Core Tip: The major complications of endoscopic ultrasound-guided fine-needle biopsy (EUS-FNB) include perforation, bleeding, infection, acute pancreatitis when sampling pancreatic lesions, bile peritonitis, needle tract seeding where tumor cells are deposited along the needle track, and device-related malfunctions. The preventive strategies for complications following EUS-FNB include careful pre-procedural planning, technical efficiency during the procedure, and appropriate post-procedure care. EUS-FNB needs specific ethical considerations, which involve the balancing of the need for accurate histological diagnosis with patient safety, procedural risks, and informed consent. The proper use of suitable strategies to avoid complications will help the endosonographer to perform EUS-FNB safely and effectively.

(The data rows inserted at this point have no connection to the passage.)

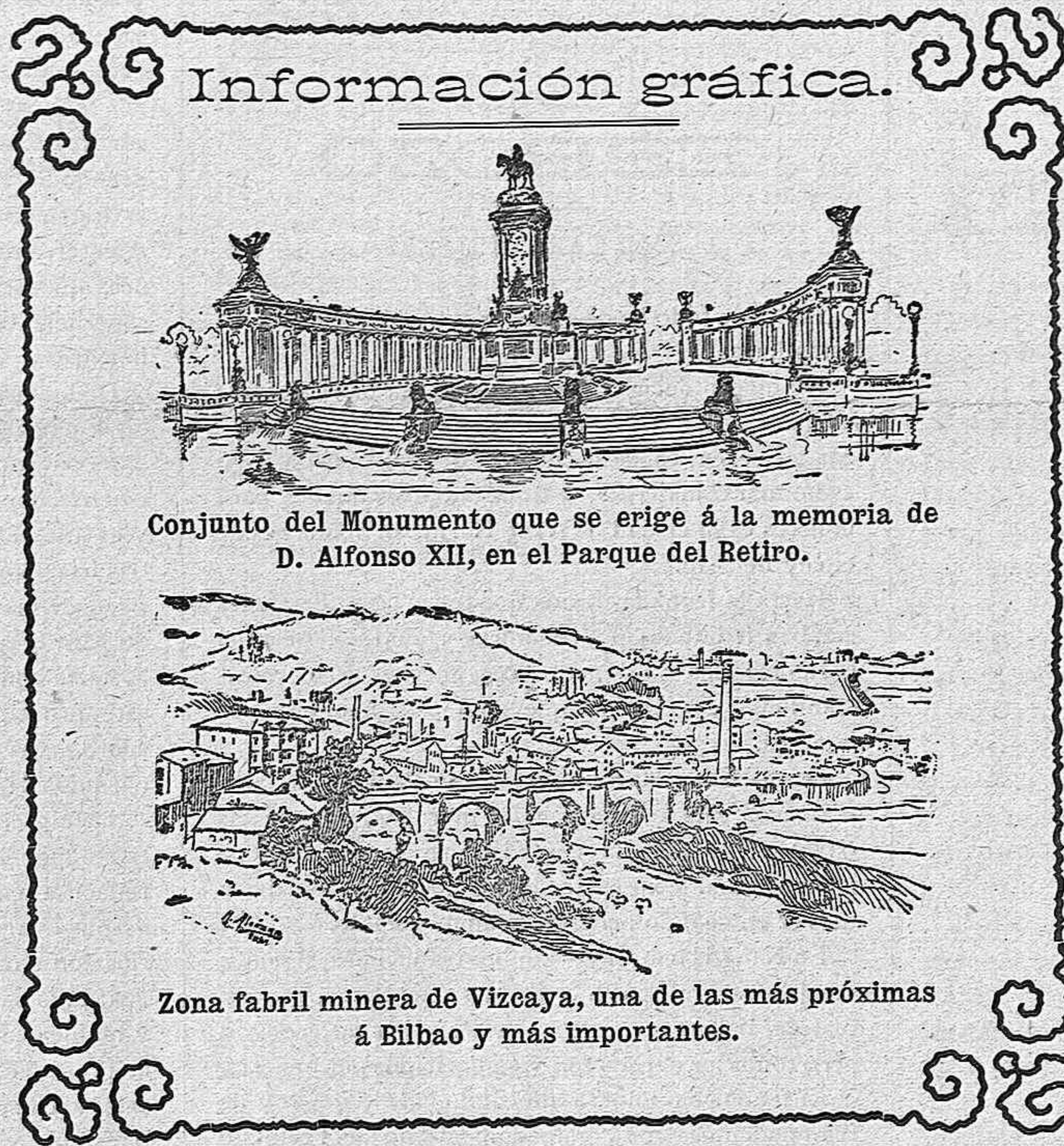
Conjunto del Monumento que se erige á la memoria de D. Alfonso XII, en el Parque del Retiro.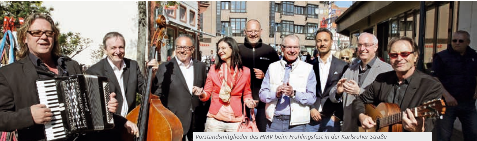
Vorstandsmitglieder des HMV beim Frühlingsfest in der Karlsruher Straße

Als am Montagabend, dem 30. September, im kleinen Saal der Stadthalle Beifall aufbrandete, endete eine fünfjährige Diskussions- und Vorbereitungsphase. 82 Gründungsmitglieder hoben mit ihrem einstimmigen Votum zur Satzung den Hockenheimer Marketing Verein (HMV) aus der Taufe.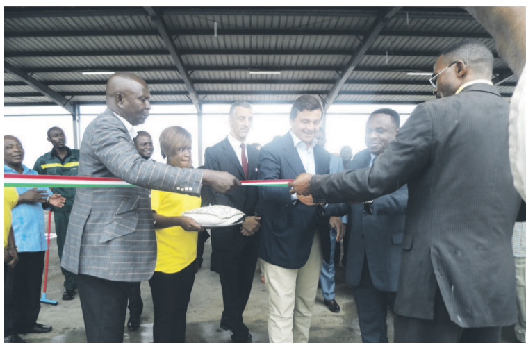
La coupure du ruban symbolique par les ministres

La formation portera sur les métiers de la fonction ou-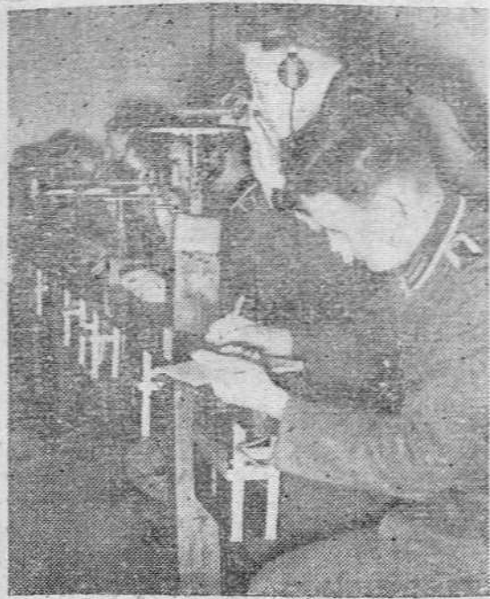
La preparación técnica de los artilleros alemanes es muy detallada. He aquí un grupo haciendo ejercicios con instrumentos para medir la intensidad de la luz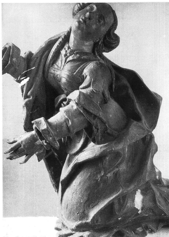
Fig. 4 Marie-Madeleine, Calvaire du retable de Bonn.

C'est Jacques enfin, qui effectua, ou du moins acheva de tailler les retables commandés à son frère aîné par les gens d'Orsonnens. Une convention pour la livraison de deux autels et de «deux beaux crucifix pour mettre sur les autels» avait été passée entre les Commissaires de la paroisse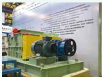
中国バイオガスプラントに納入した同型破砕機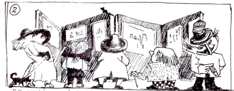
Ekspertisen i sving.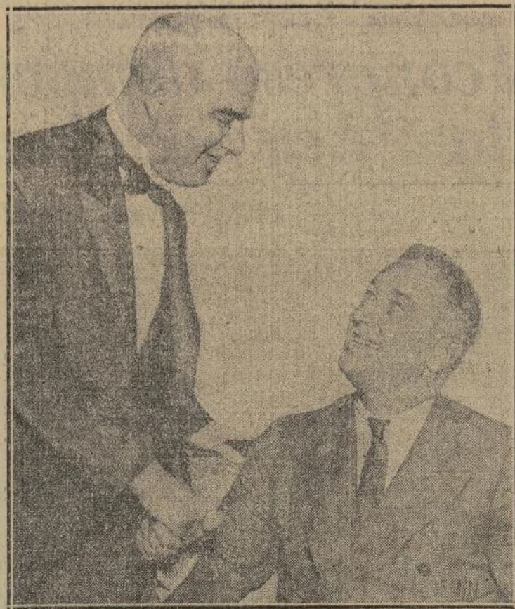
La primera persona en felicitar al gobernador Franklin D. Roosevelt en su elección a la presidencia fue su teniente gobernador y gobernador electo de New York, el coronel Herbert H. Lehman. Mr. Lehman prestaba visita a Mr. Roosevelt en su residencia para mostrarle los primeros escríptos recibidos cuando fue tomada esta fotografía.

Citation: Shrestha UK. Preventive strategies for complications after endoscopic ultrasound-guided fine-needle biopsy. World J Gastrointest Endosc 2026; 18(7): 119987
This editorial refers to “Complication incidence after endoscopic ultrasound-guided fine needle biopsy - a single-center experience” by Peruhova et al, 2026; https://doi.org/10.4253/wjge.v18.i4.111687.
INTRODUCTION
In this editorial, we comment on the paper from Peruhova et al on this issue of World Journal of Gastointestinal Endoscopy. Endoscopic ultrasound-guided fine-needle biopsy (EUS-FNB) is an effective procedure for tissue acquisition from lesions in the gastrointestinal tract and adjacent organs. Fine-needle biopsy (FNB) needles are advanced, minimally invasive tools designed to acquire larger “core” specimens that preserve tissue architecture and permit histologic evaluation and immunohistologic staining. FNB needles differ from fine-needle aspiration (FNA) needles through their geometric shape of specialized cutting tip designs (e.g., Franseen-type needle, fork-tip needle) or a side slot (core trap) at the needle tip (Figure 1)[1-4].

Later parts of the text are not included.